Coulomb forces can be used to levitate, move and place substrates (IC's) into various positions to form antenna components or sections that adjust the physical dimensions of antennas. Thus, antennas can be adjusted in the field to better match the carrier frequency.  Several antennas: the Yagi, the patch, the bow-tie, the meanderline, and the dipole antenna can be adjusted to benefit from this adjustment. As more antennas can be placed on a substrate, additional flexibility occurs such as using an antenna at a given carrier frequency to transmit a signal while the second antenna can be used to receive the signal at a different carrier frequency.  Many of these techniques are also applicable to inductor construction.

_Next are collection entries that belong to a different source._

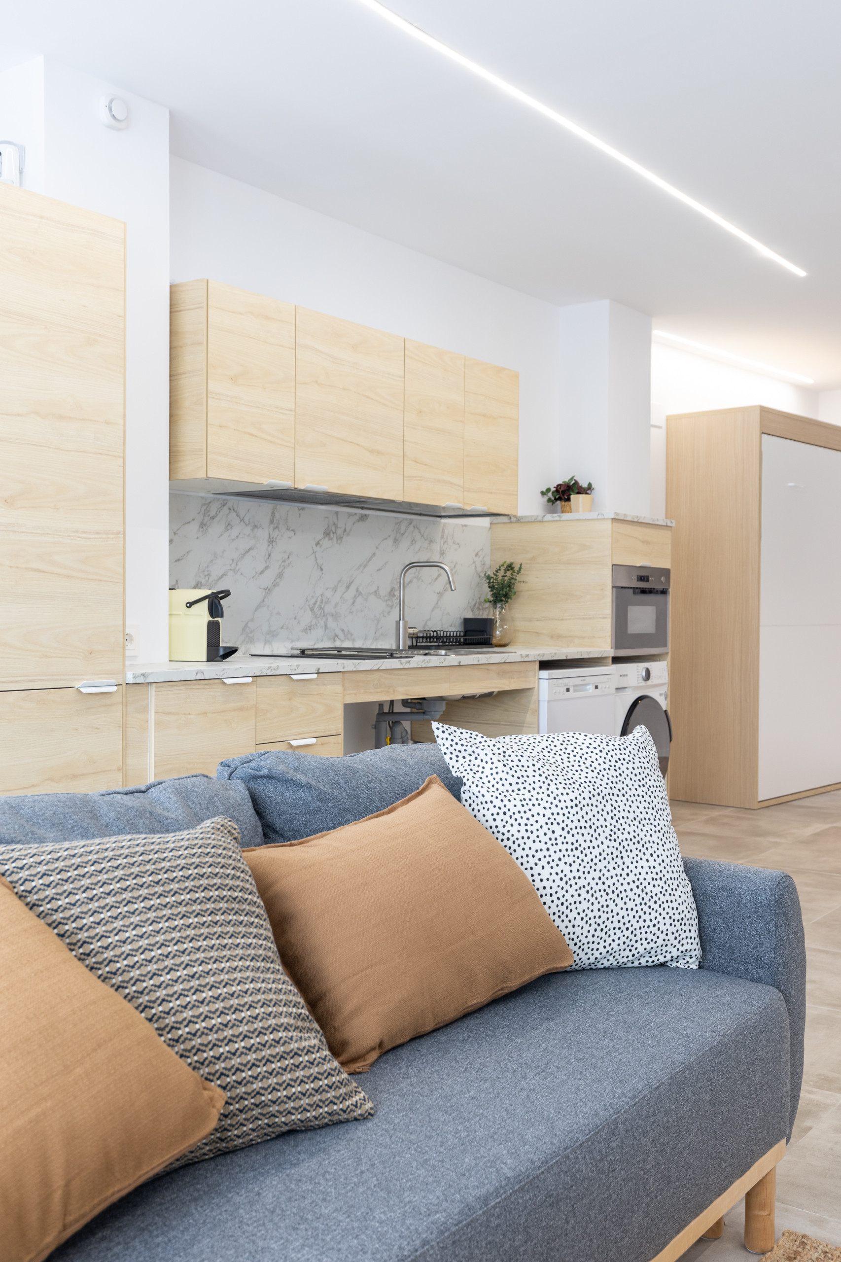 It is provided with bed linen, 1 hand towel and 1 bath towel per person, welcome kitchen amenities (1 scouring pad, 1 kitchen cloth, 2 bin bags, washing machine and dishwasher soap, 2 toilet rolls), bathroom amenities (hand gel), coffee capsules and a 1.5l bottle of mineral water.
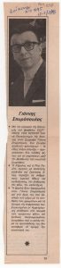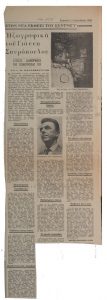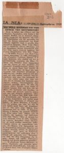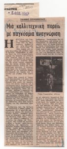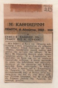 «Εκθέσεις ζωγραφικής. Μία ωραία πρωτοβουλία υπέρ των οικογενειών των Κυπρίων κρατουμένων» Τώνης Π. Σπητέρης (1910 - 1986) ; Βάσω Κατράκη (1914 - 1988) ; Σπύρος Βασιλείου (1902 - 1985) ; Ορέστης Κανέλλης (1910 - 1979) ; Τάσσος Α. (1914 - 1985) ; Νικόλαος Χατζηκυριάκος-Γκίκας (1906 - 1994) ; Γιάννης Μόραλης (1916 - 2009) ; Γεώργιος Γουναρόπουλος (1889 - 1977) ; Σπύρος Παπαλουκάς (1892 - 1957) ; Γιάννης Μηταράκης (1898 - 1963) ; Αγήνωρ Αστεριάδης (1898 - 1977) ; Γιώργος Σικελιώτης (1917 - 1984) ; Γιάννης Σπυρόπουλος (1912 - 1990) ; Γιάννης Τσαρούχης (1910 - 1989) ; Δημήτρης Γιαννουκάκης (1898 - 1991) ; Χρήστος Καπράλος (1909 - 1993) ; Λίλη Αρλιώτη (1908 - 1979) ; Φρόσω Ευθυμιάδη-Μενεγάκη ; Αλέκος Κοντόπουλος (1904 - 1975) ; Ευθύμιος Παπαδημητρίου (1895 - 1958) ; Γιώργος Μπουζιάνης (1885 - 1959) ; Γιάννης Κεφαλληνός (1894 - 1957) ; Περικλής Βυζάντιος (1893 - 1972) ; Δημήτρης Γιολδάσης (1897 - 1993) ; Κωνσταντίνος Γραμματόπουλος (1916 - 2003) ; Χρίστος Δαγκλής (1916 - 1991) ; Άγγελος Θεοδωρόπουλος (1883 - 1965) ; Γεώργιος Κοσμαδόπουλος (1895 - 1967) ; Κλέαρχος Λουκόπουλος (1906 - 1995) ; Αγλαϊα Παπά (1904 - 1984) ; Φώτης Φωτιάδης
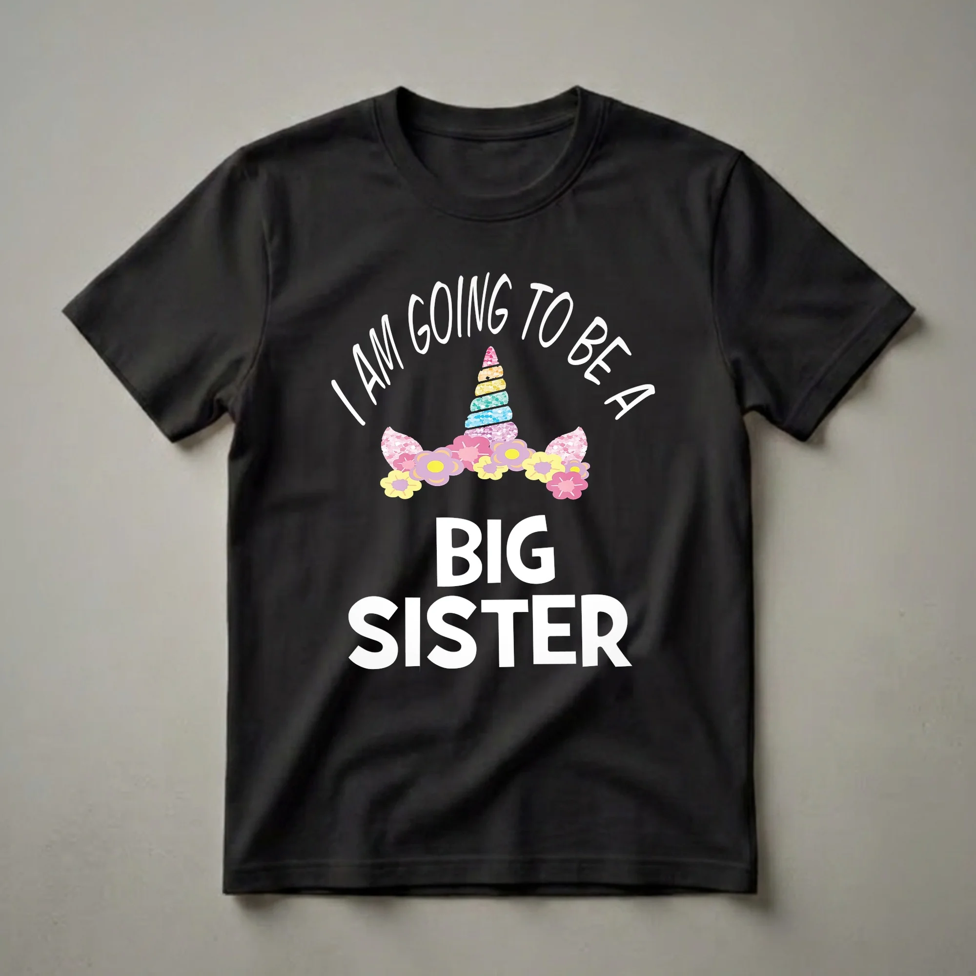 Announcing a new arrival is a special moment, and this "I Am Going To Be A Big Sister" unicorn graphic tee captures that excitement. The design features a vibrant, multi-colored unicorn horn adorned with a sparkling floral wreath, complete with pink, purple, and yellow blossoms. Below this enchanting imagery, the words "BIG SISTER" are boldly displayed in white, block lettering, signifying a proud new role. Arched above the unicorn is the phrase "I AM GOING TO BE A" in a playful white font. This shirt is a wonderful way for a young girl to share the news of an upcoming sibling. It's a thoughtful gift for any girl who loves unicorns and is about to become a big sister, great to wear to family gatherings or to announce the pregnancy. This t-shirt celebrates the transition into a new family dynamic, making it a cherished keepsake. The visual elements evoke a sense of magic and wonder, fitting for a child's imagination. This graphic tee is a fun way for her to express her new title.
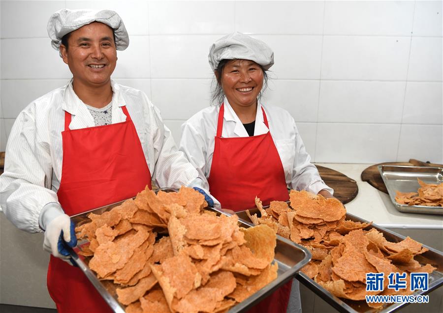 今年49歲的汪明祥和47歲的姚新花是安徽省涇縣黃村鎮(zhèn)沙元村的一對農(nóng)民夫妻。2013年,汪明祥突發(fā)疾病花光了家里的積蓄,并喪失了一定的勞動能力。2014年,汪明祥一家被確定為建檔立卡貧困戶。為了靠自己的雙手實(shí)現(xiàn)脫貧,汪明祥和妻子姚新花在家里開始生產(chǎn)手工鍋巴,雖然收入不高,但是經(jīng)濟(jì)狀況慢慢好轉(zhuǎn)起來,于2016年順利實(shí)現(xiàn)脫貧。脫貧后的夫妻倆開始琢磨如何進(jìn)一步發(fā)展自家的手工鍋巴生意。今年,汪明祥和妻子姚新花利用當(dāng)?shù)胤鲐毿☆~貸款和自籌資金創(chuàng)辦的強(qiáng)源鍋巴廠投產(chǎn)。由于口味地道,價(jià)格不高,汪明祥家的鍋巴受到市場的歡迎,平均每天生產(chǎn)鍋巴50余斤,日均銷售額400多元?!安坏炔豢?,甩窮帽,我們夫妻倆靠手藝脫了貧,也有信心實(shí)現(xiàn)致富?!蓖裘飨檎f。
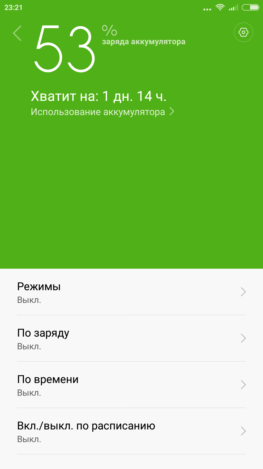 | Режим использования | Время работы |
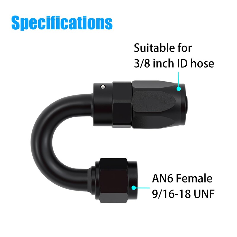 - Specifications: Thread size is AN6 9/16-18 UNF for 3/8 inch ID hose.
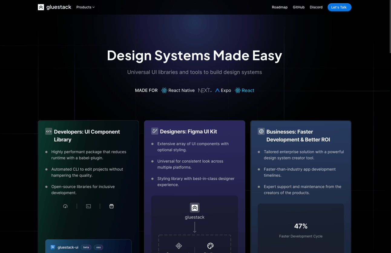 Gluestack.io is an awesome new component library from the makers of nativebase.io. Their newest project is gluestack.io which provides accessibility right out of the box! It also allows you to build once and deploy many places and have your UI aligned. It is in beta but we have tried it out with a fresh Expo.dev app
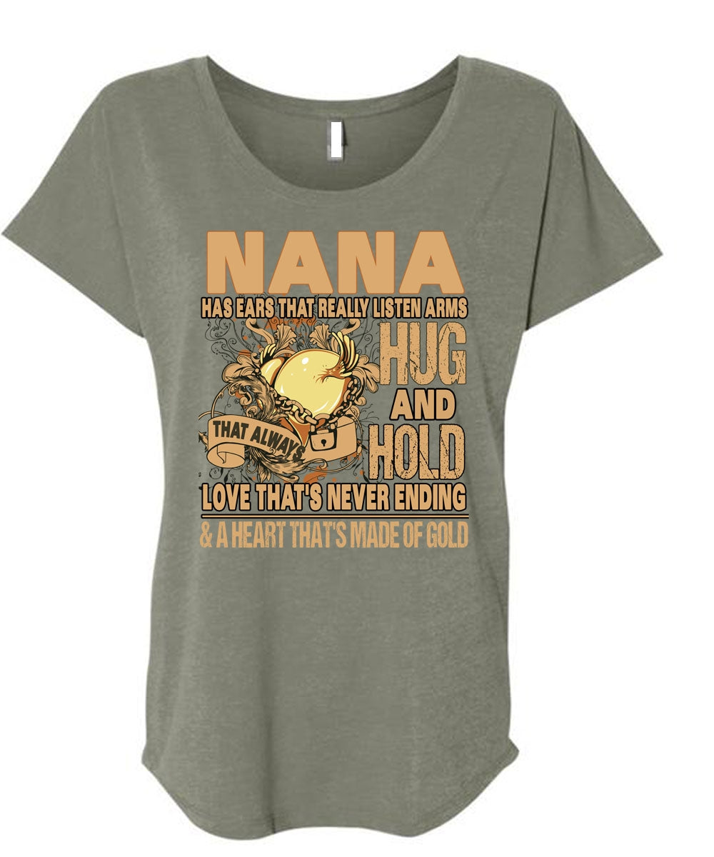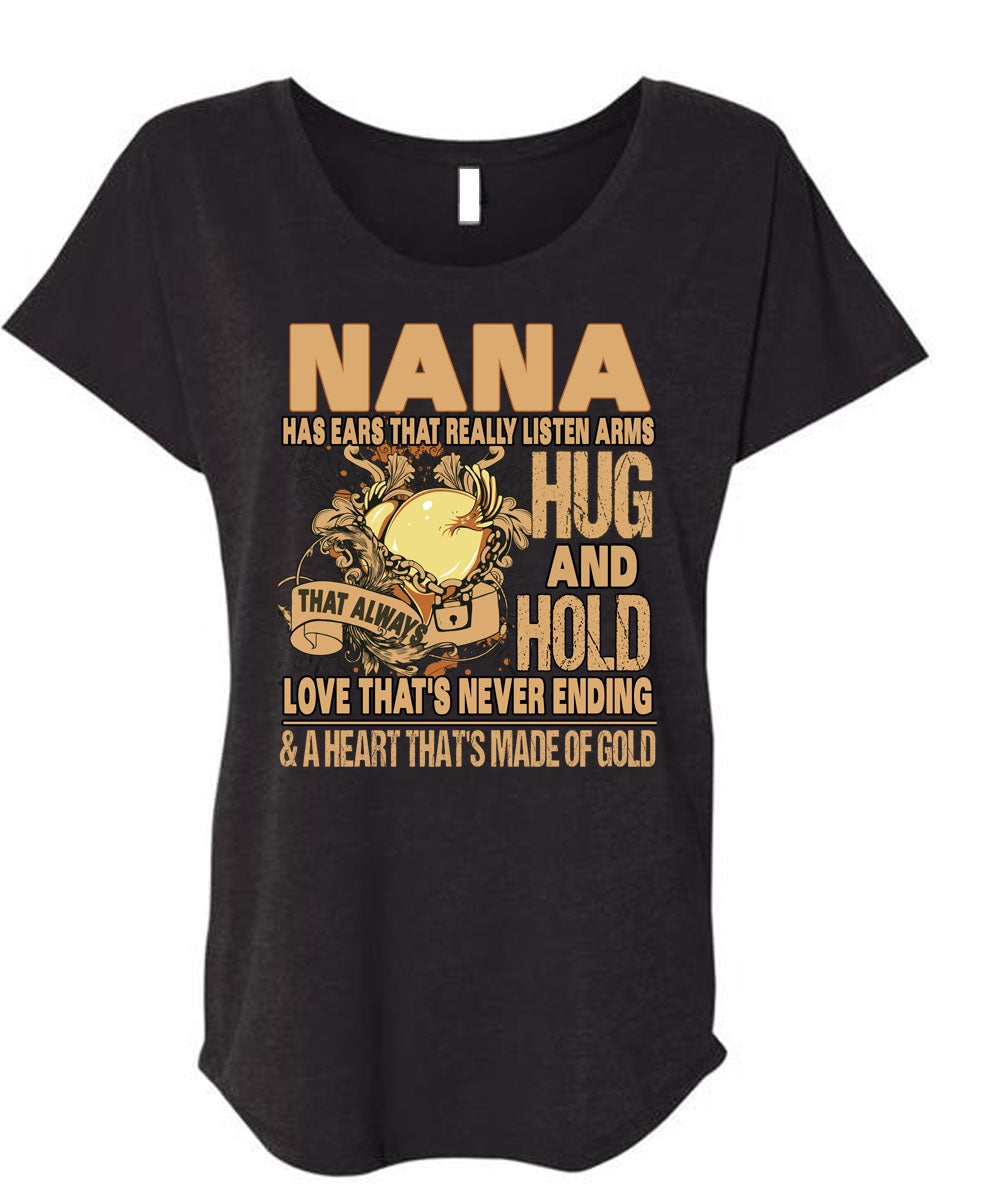 Nana Has Ears T Shirt, Hug And Hold T Shirt, Cool Shirt (Ladies' Triblend Dolman Sleeve)

     Orthogonal antenna configurations are an important capability for complex antenna systems. An antenna picks up signals from a transmitter typically after the signals have been reflected from various surfaces. Thus, the complete incoming signal composed of signals that are delayed, polarized in different orientations, arriving from different directions, and of course decreased in magnitude. The difficulty is the development of nulls in the radio spectrum that decreases the intensity of the information. If an antenna with a given polarization is placed right at this point then the signal intensity can be lost. The other two polarizations associated with this radio spectrum may have signal intensity at this point; but the antenna unfortunately is not equipped to capture these signals. Ideally, the complete antennas should have three antennas that are orthogonal to each other. Several reasons have prevented this from being standard equipment: 1) the cost of manufacturing the equipment; 2) the volume displaced to enable these antennas (covering three orthogonal directions); and 3) the need for three antenna ports on the front end or the ability to easily switch between the three antennas. As carrier frequencies increase, the wavelength of the carrier decreases. At 75GHz, the wavelength of the carrier is comparable to the dimensions of the substrate allowing the formation of the antennas on the substrate. However, reconfigurable systems are not limited to these high frequencies. At lower frequencies: PCS, GPS and GSM, the antenna would be an ESA making the design of the communication system with regards to the front end more difficult.

     MIMO can benefit from this technique as well since MIMO operates on a single signal that is sent on (n) multiple antennas such that each of the (n) signals received have traveled different paths. MIMO radio use n-antennas simultaneously to extract the n-signals and combine the n-signal energies that are related. Conversely, the antennas can be used in a MIMO system to provide a multi-channel wireless communication where the antennas can be moved on the surface of a substrate to improve reception.